Input data:

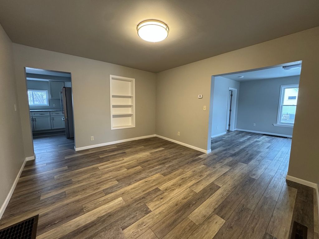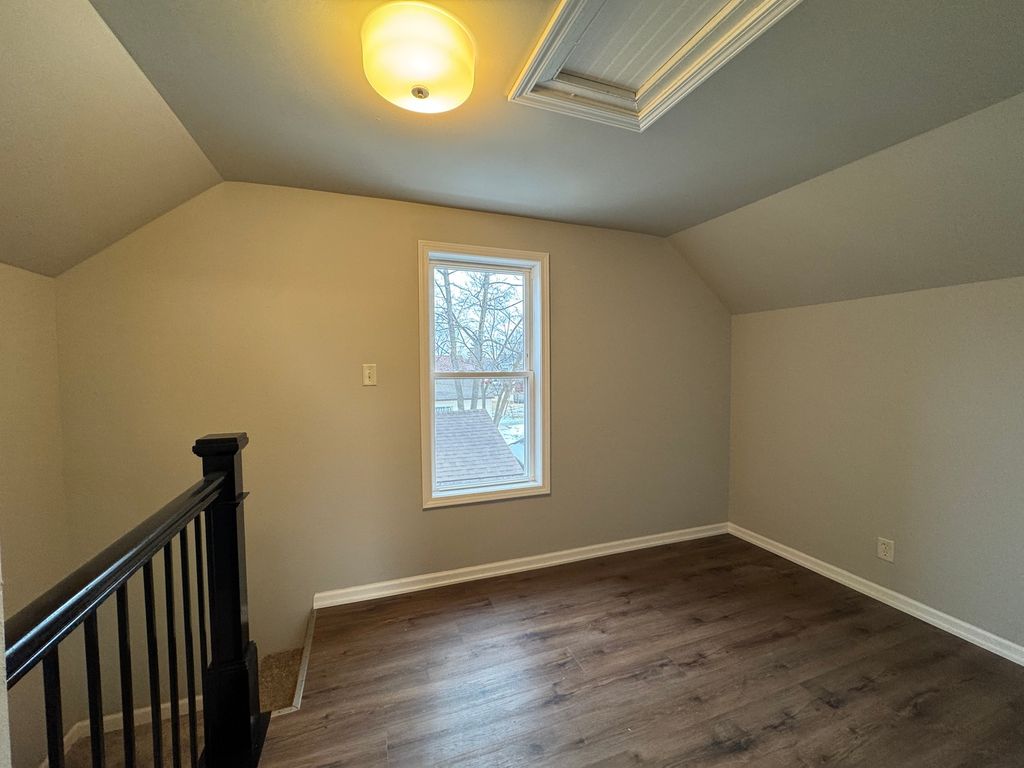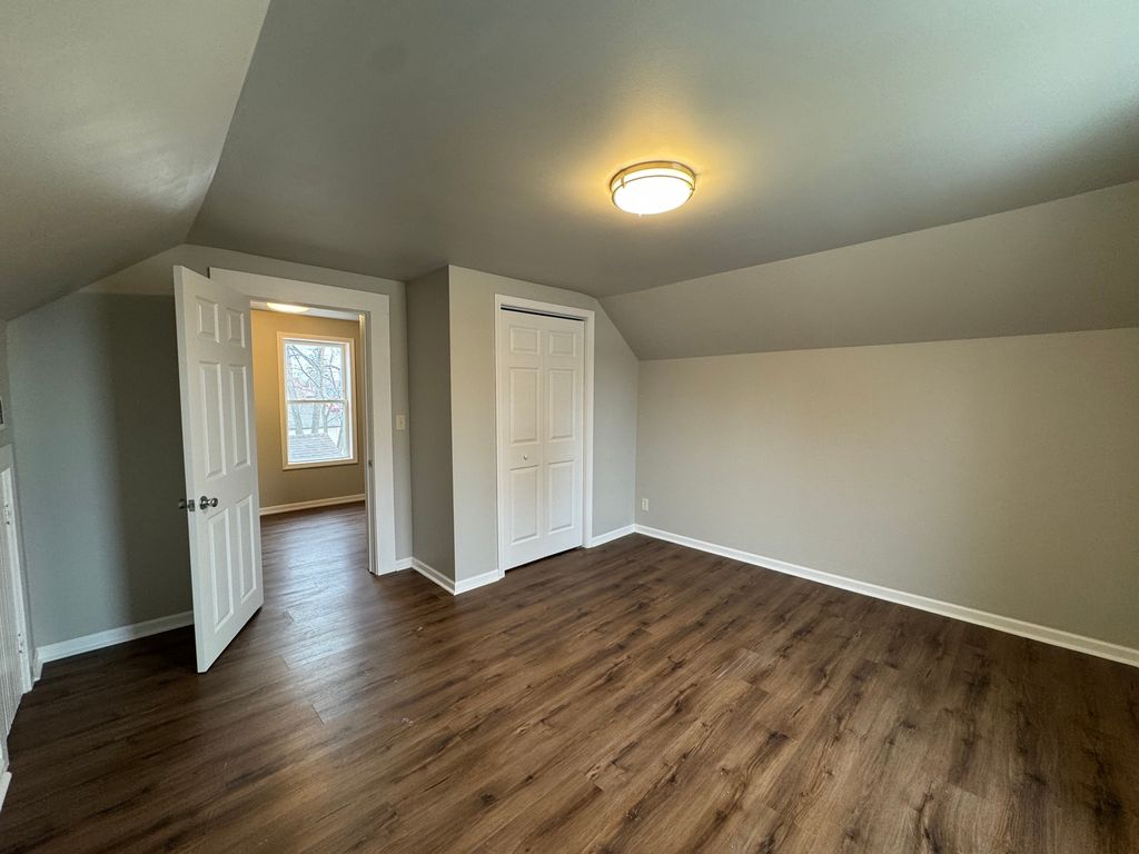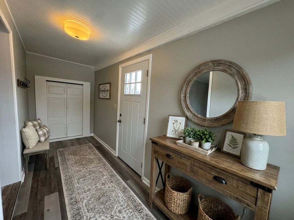 Charming and truly move-in ready! This inviting home offers brand-new laminate flooring throughout and a versatile layout. The first floor features a convenient bedroom, while the spacious second-floor primary suite includes an additional tandem room-perfect for a home office, nursery, or cozy sitting area. The beautifully remodeled kitchen is a standout with granite countertops, stainless steel appliances, a walk-in pantry, and a new washer and dryer to simplify everyday living. Additional highlights include an enclosed front porch with closet space, an attached one-car garage, and a clean full unfinished basement for added storage. A fantastic opportunity in a convenient location-don't miss this one!
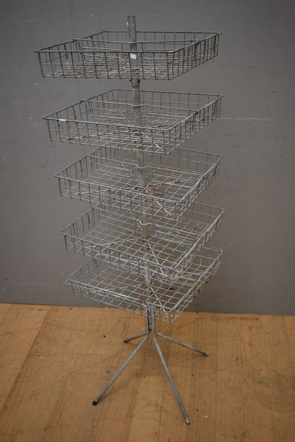 A GALVANISED STEEL WIRE FORM 5 TIER DISPLAY STAND (143H X 43W X 43D CM) (LEONARD JOEL DELIVERY SIZE: LARGE)
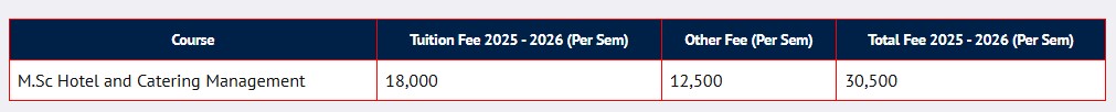 Earlier, M.Sc Hotel & Catering Management fees at VISTAS Chennai was ₹ 1.12 Lakhs (in 2024) for the entire course duration. This shows a fee increase of ₹ 10,000 over the year.
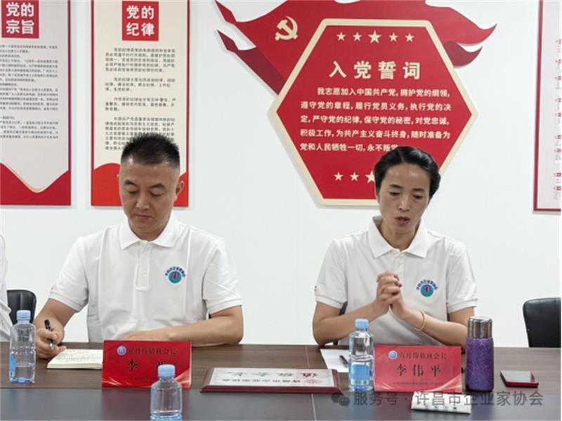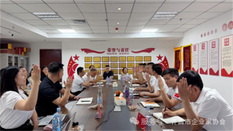 本次會議迎來了兩家新申請入會的企業(yè)家。協(xié)會黨支部書記何志東對兩家新申請入會的企業(yè)家表示熱烈歡迎,并強調(diào)協(xié)會始終秉持"服務企業(yè)、促進發(fā)展"的宗旨,為會員搭建資源共享、合作共贏的平臺。他寄語新會員要積極參與協(xié)會活動,共同為許昌市經(jīng)濟發(fā)展貢獻力量,同時希望新老會員加強交流,攜手推動協(xié)會建設邁上新臺階。

What you need to do: Starting at the line above with "A GALVANISED STEEL", output every line exactly up to and including the line with "Earlier, M.Sc Hotel", but none of the pictures.

Task response:
 A GALVANISED STEEL WIRE FORM 5 TIER DISPLAY STAND (143H X 43W X 43D CM) (LEONARD JOEL DELIVERY SIZE: LARGE)
 Earlier, M.Sc Hotel & Catering Management fees at VISTAS Chennai was ₹ 1.12 Lakhs (in 2024) for the entire course duration. This shows a fee increase of ₹ 10,000 over the year.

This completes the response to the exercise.